Changes to test/config/models.yaml: Quick profile: - Use gemma3:4b (was gemma2:2b) - Single prompt: 'Hello, respond with a brief greeting.' - Timeout: 60s - Purpose: Fast smoke test (~5 min) Full profile: - REMOVED: gemma2:2b, gemma3:4b (redundant with quick test) - ONLY gemma3:12b (largest model for single K80) - Single prompt: 'Hello, respond with a brief greeting.' (same as quick) - Timeout: 120s (sufficient - loads in ~24s) - Purpose: Validate Phase 2 memory optimization for large models Rationale: - Quick test validates basic functionality with gemma3:4b - Full test validates single-GPU capability with gemma3:12b - No need to test multiple sizes if both work - Consistent prompts make comparison easier - Tests the critical optimization: 12B model on single K80
2025-12-10 15:57:04 +00:00 · 2025-10-30 11:57:30 +08:00
parent 4de7dd453b
commit 1aa80e9411
1 changed files with 8 additions and 23 deletions
--- a/test/config/models.yaml
+++ b/test/config/models.yaml
@@ -2,41 +2,26 @@
 # This file defines test profiles with different model sizes and test scenarios

 profiles:
-  # Quick test profile - small models only, fast execution
+  # Quick test profile - fast smoke test with medium model
  quick:
    timeout: 5m
    models:
-      - name: gemma2:2b
+      - name: gemma3:4b
        prompts:
          - "Hello, respond with a brief greeting."

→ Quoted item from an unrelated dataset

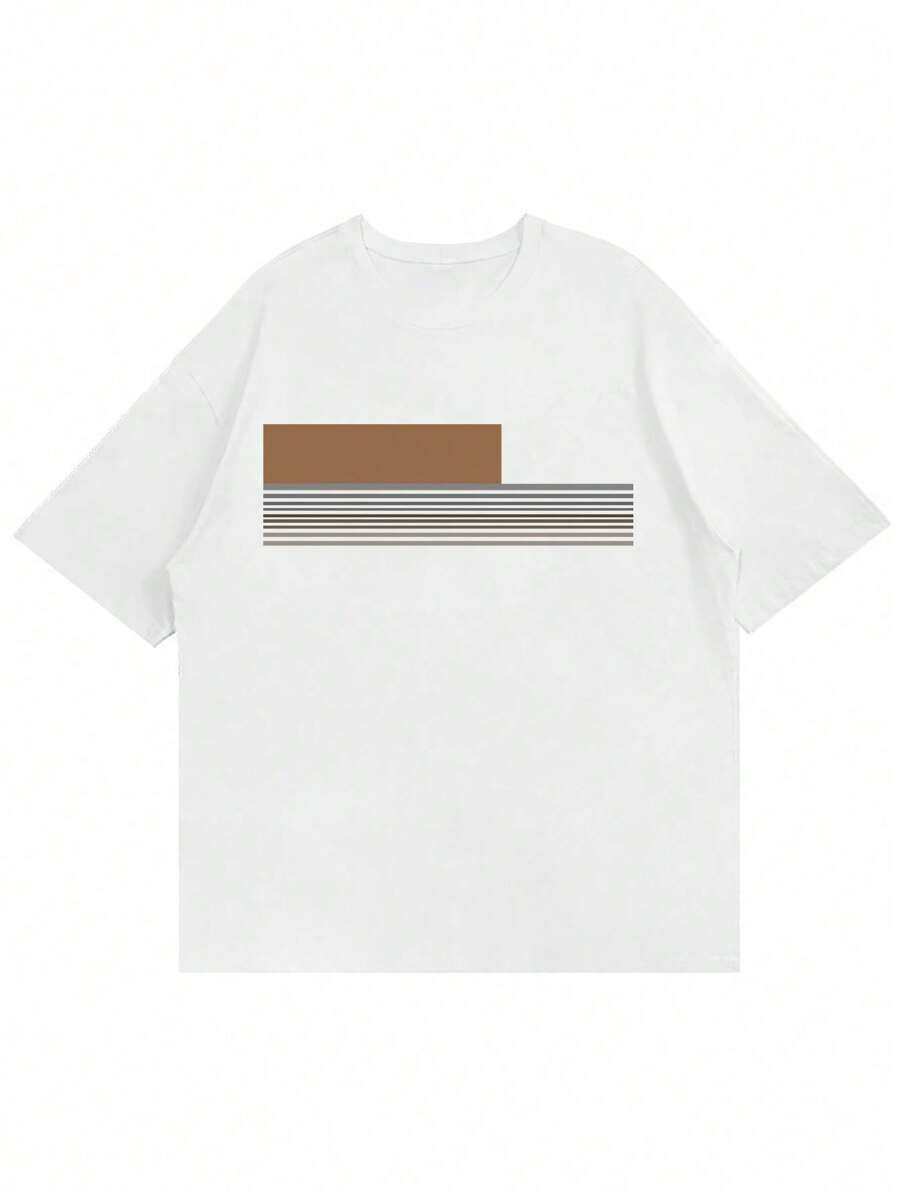 Camiseta casual de manga corta con cuello redondo y estampado de rayas

        min_response_tokens: 5
        max_response_tokens: 100
-        timeout: 30s
+        timeout: 60s

-  # Full test profile - comprehensive testing across model sizes
+  # Full test profile - test largest model that fits on single K80
  full:
    timeout: 30m
    models:
-      - name: gemma2:2b
-        prompts:
-          - "Hello, respond with a brief greeting."
-          - "What is 2+2? Answer briefly."

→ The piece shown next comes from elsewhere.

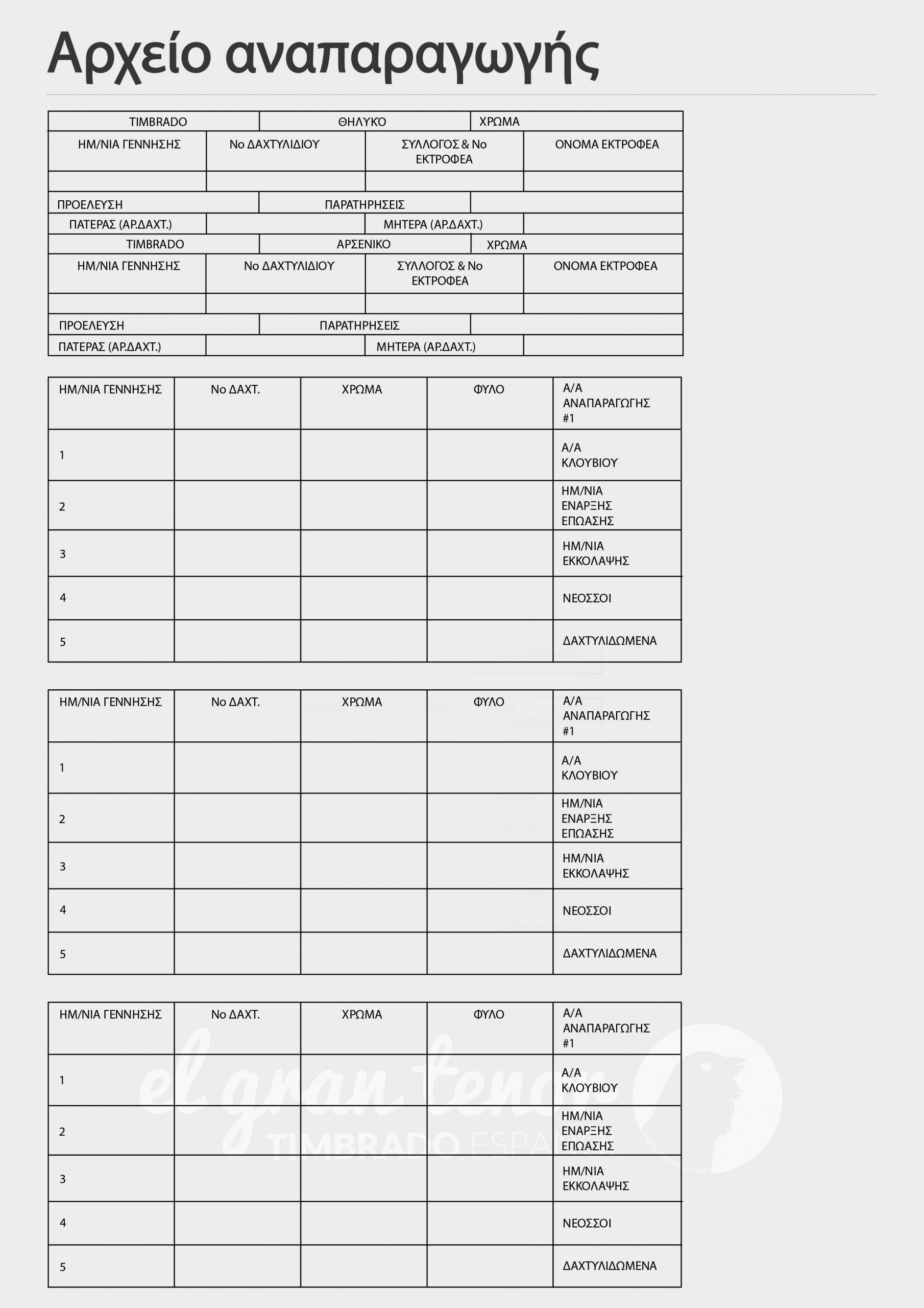 Ονομάζομαι Ζιάκος Τάσος ανήκω στnν Ελληνική Λέσχη Ισπανικού Τιμπράδο – Ε.Λ.Ι.T με κωδικό εκτροφέα ST 100.

-        min_response_tokens: 5
-        max_response_tokens: 100
-        timeout: 30s
-
-      - name: gemma3:4b
-        prompts:
-          - "Explain photosynthesis in one sentence."
-        min_response_tokens: 10
-        max_response_tokens: 200
-        timeout: 60s
-
      - name: gemma3:12b
        prompts:
-          - "Write a short haiku about GPUs."
-        min_response_tokens: 15
-        max_response_tokens: 150
+          - "Hello, respond with a brief greeting."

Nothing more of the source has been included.